E-Commerce in Banking-
Technology
Technology is changing interaction between banks and consumers. In particular, technological
innovations have enabled the following capabilities; online delivery of bank brochures and marketing
information ; electronic access to bank statements; ability to request the transfer of funds
between accounts; electronic bill payment and presentment ability to use multiple financial software
products with memory ; online payments encrypted credit cards for transferring payment
instructions between merchant, bank customer; and finally micropayment . These
online capabilities increase the facility and speed of retail banking.
New technology is a double edged sword. While it enables banks to be more competitive through
huge investments, it also enables new competition from fast moving nonbanking firms. This trend
can be seen in the area of online payments, where recent innovations have provided an opportunity
for nonbanks to break into the banking business, threatening the banking stronghold on one of the
last key services provided by banks. The present nature of online payments is a clear indication that
if the banking industry fails to meet the demand for new products, there are many industries that
are both willing and able to fill the void.

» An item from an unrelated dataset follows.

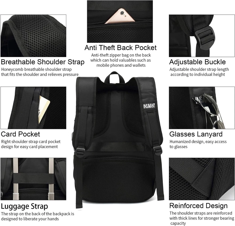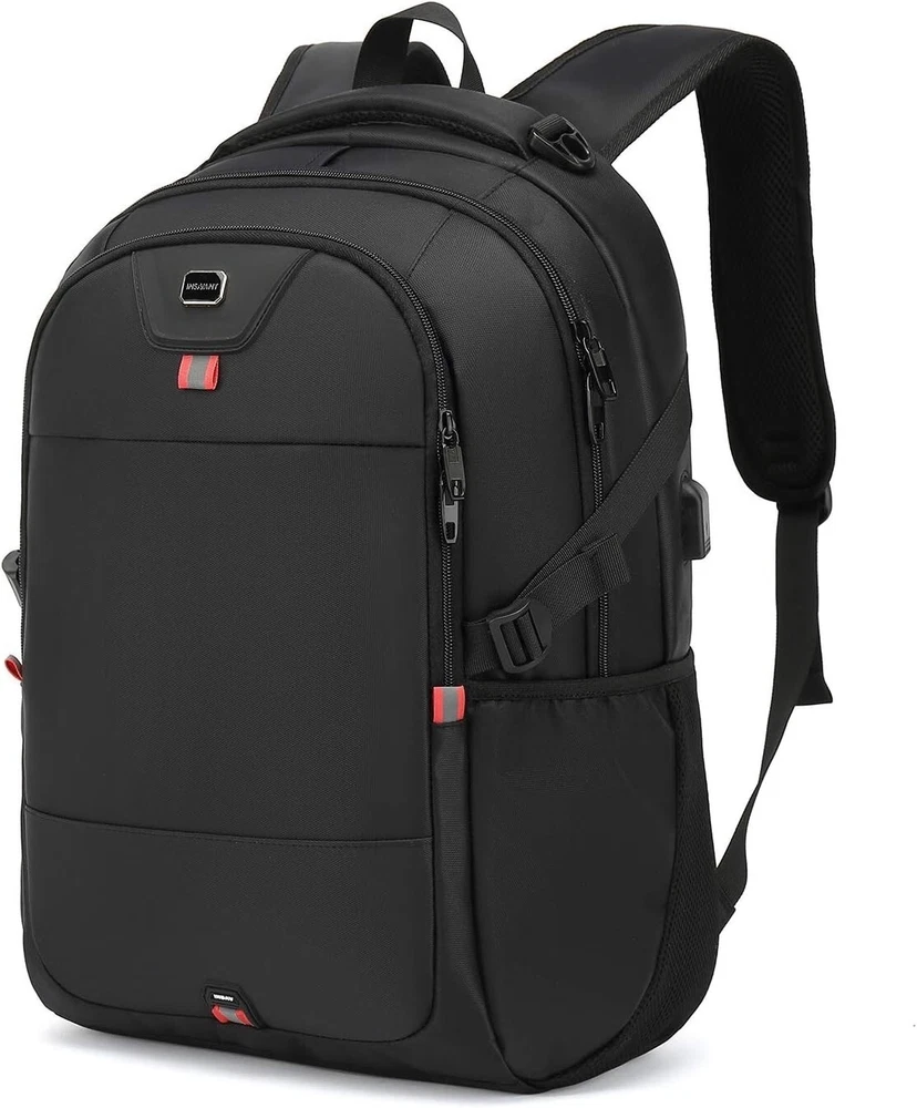 Size: 17 Inch Color: Black Super Big Storage Space for Your Daily Necessities(17 Inch Laptop and Tablet, Power Bank, A4 Files, Wallet, Clothes, Umbrella, Water Bottle and More Your Items). Lots of Pockets Make Your Items Organized and Easier to Find. (Attention! Gaming Laptop and Laptop over 17 inch is not Recommended). THIS ITEM IS NOT INTENDED FOR USE BY CHILDREN 12 AND UNDER. Breathable Material Make Your Back More Comfortable and Adjustable Shoulder Straps Relieve the Stress of Shoulder. Made of Water Resistant and Durable Material, Metal Zippers Close and Open Smoothly to Ensure Long-lasting Usage Everyday. A Luggage Strap Allows Backpack Fit on Luggage/Suitcase, Slide Over the Luggage Upright Handle Tube for Easier Carrying. A Hidden Anti Theft Pocket on the Back Protect Your Wallet, Passport and Valuable Items from Thieves. Perfect Used for Office, Working, College, Business, Shopping, Dating, Travelling, Camping, Hiking, Walk a Dog, Value Gifts etc. A Must Have for Business Documents, College Supplies, Travel Accessories and Laptop Accessories. USB Port Design Offers You a More Convenient Way to Charge Your Phone While Walking. Please Noted That This Backpack Doesn't Power Itself, USB Charging Port Only Offers an Easy Access to Charge.

Changing Dynamics in the Banking Industry
In the past, the banking industry was chiefly concerned with asset quality and capitalization if the
bank was performing well along these two dimensions, then the bank would likely be profitable.
Today performing well on asset quality and capitalization is not enough. Banks need to find new
ways to increase revenues in a mature market for most traditional banking services,
particularly consumer credit. A thorough understanding of this competitive environment is needed
before banks can determine their online strategy.

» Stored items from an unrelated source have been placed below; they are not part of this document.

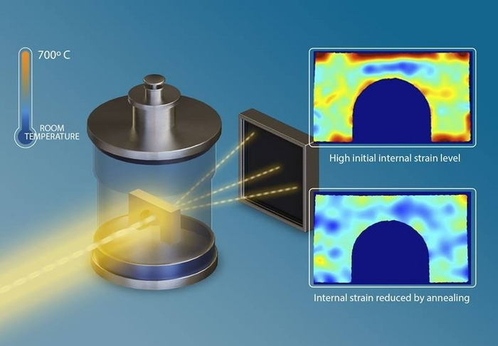 image: Researchers used neutron scattering to measure internal strain in 3-D printed metal samples before (upper right), during, and after (lower right) annealing. Controlling residual strain in laser-printed metal parts helps prevent cracks and failures. view more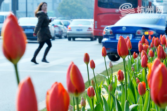 天目山路上,5000株从温室里培育出来的郁金香赶在正常花期前扮靓杭城。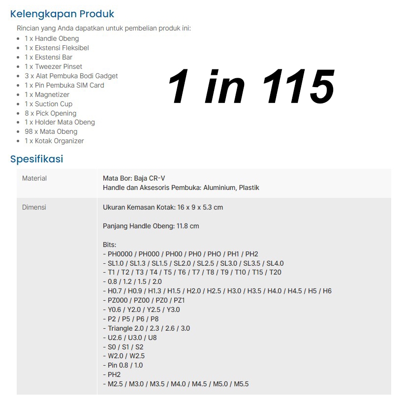 Obeng Set 115 in 1 Obeng Hp Multifungsi Full Set Alat Bongkar Mini Precision Service Komputer Laptop Hp Reparasi

The challenge facing the banking industry is whether management has the creativity and vision to
harness the technology and provide customers with new financial products necessary to satisfy
their continually changing financial needs. Banks must deliver high quality products at the
customers' convenience with high-tech, high-touch personal and affordable service. In order to
achieve this, management has to balance the five key values that increasingly drive customers'
banking decisions: simplicity, customized ser- vice, convenience, quality, and price.

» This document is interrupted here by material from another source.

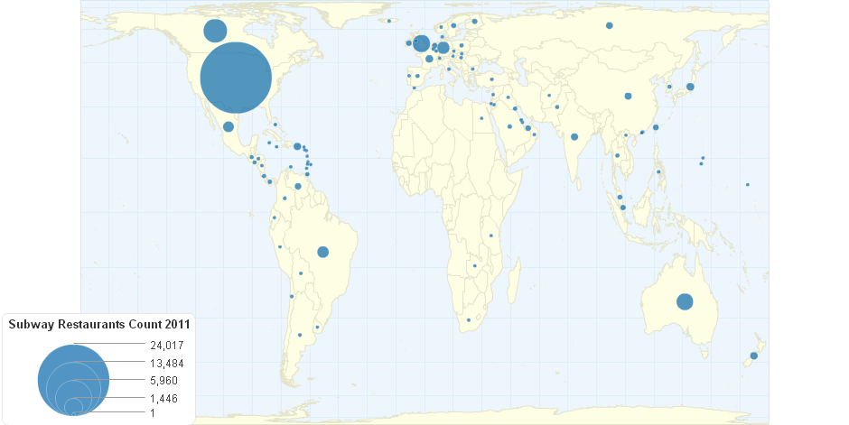 As of March 10th 2011 this is how many subway restaurants are in each country as per the subway website.

Online banking will realize its full potential when the following key elements fall into place:
The development of an interesting portfolio of products and services that are attractive
to customers and sufficiently differentiated from competitors.
The creation of online financial supply chains to manage the shift from banks as gatekeeper
models to banks as gateways.
The emergence of low-cost interactive access terminals for the home as well as affordable
interactive home information services.
The identification of new market segments with untapped needs such as the willingness to
pay for the convenience of remote banking.
The establishment of good customer service on the part of banks. The fact that technology
increases the ease of switching from one bank to an- other means that banks that do not
offer superior customer service may see low levels of customer loyalty.
The development of effective back-office systems that can support sophisticated retail
interfaces.
As on- line banking is initially attractive to a wealthy segment of the population, the banks that
move first will increase their share of the most profitable customers.